The (hand-made) function

uint32_t hash(uint32_t x)
{
    x ^= x >> 15;
    x ^= (x * x) | 1u;
    x ^= x >> 17;
    x *= 0x9E3779B9u;
    x ^= x >> 13;
    return x;
}

appears to have better avalanche scores than known murmur3-style two-rounders (but weaker than triple32), and does decently as a PRNG (according to PractRand).

Function Linf RMS PractRand
xxHash 8658392 1195645.4 Fails at 16KB
MurmurHash3 4044016 566904.4 Fails at 16KB
lowbias32 2023971 372660.4 Fails at 32KB
lowbias32_tib 1211488 231074.2 Fails at 64KB
this 836260 121867.6 Fails at 1GB
triple32 167788 44857.8 Fails at 1GB ('mildly suspicious' at 8KB)

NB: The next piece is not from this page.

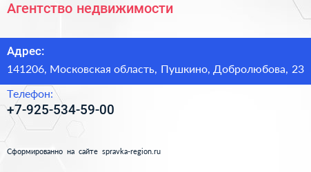 Агентство недвижимости по адресу 141206, Московская область, Пушкино, Добролюбова, 23 в дальнейшем Организация, размещена в следующих категориях:
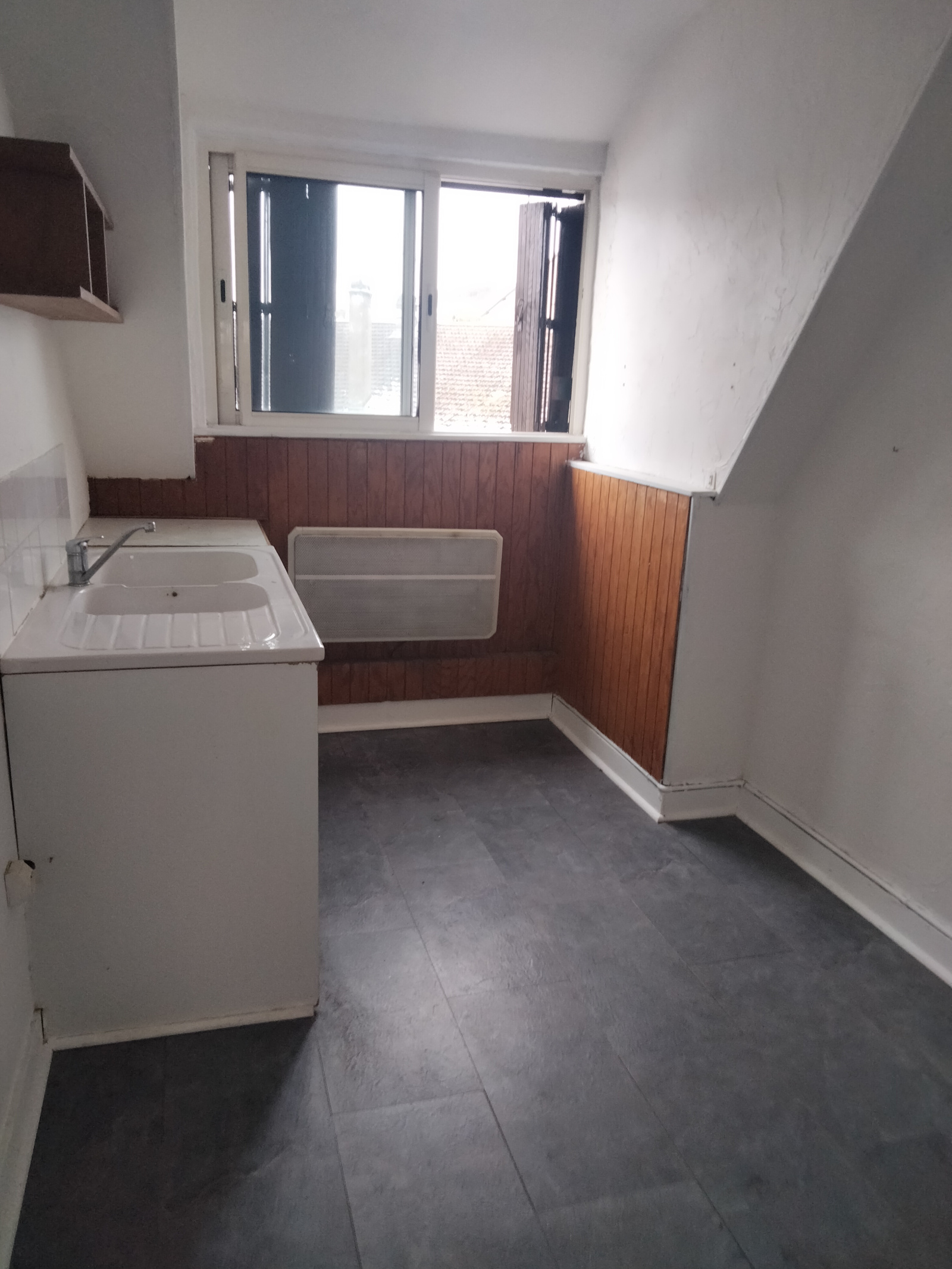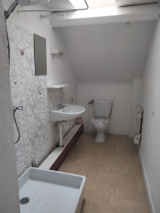 - Au 1er étage : appartement vide de 62 m² comprenant entrée avec nombreux rangements, cuisine-séjour avec placards, 2 chambres avec placards, salle de bains, wc. ( CC gaz de ville )

lowbias32_tib is TheIronBorn's version.

Avalanche scores use unscaled abs(counts[i][j]-(1ul<<31)). Looks like RMS is 2^31/1000 times what prospector -E reports.

PractRand is the result of while(1) output(hash(i++)); piped to RNG_test stdin32 -tlmin 1K -te 0 -tf 2 (you may want -te 1 instead).

Would be nice if someone double-checks this.

Might be worthwhile to prospect around a bit for functions of this form.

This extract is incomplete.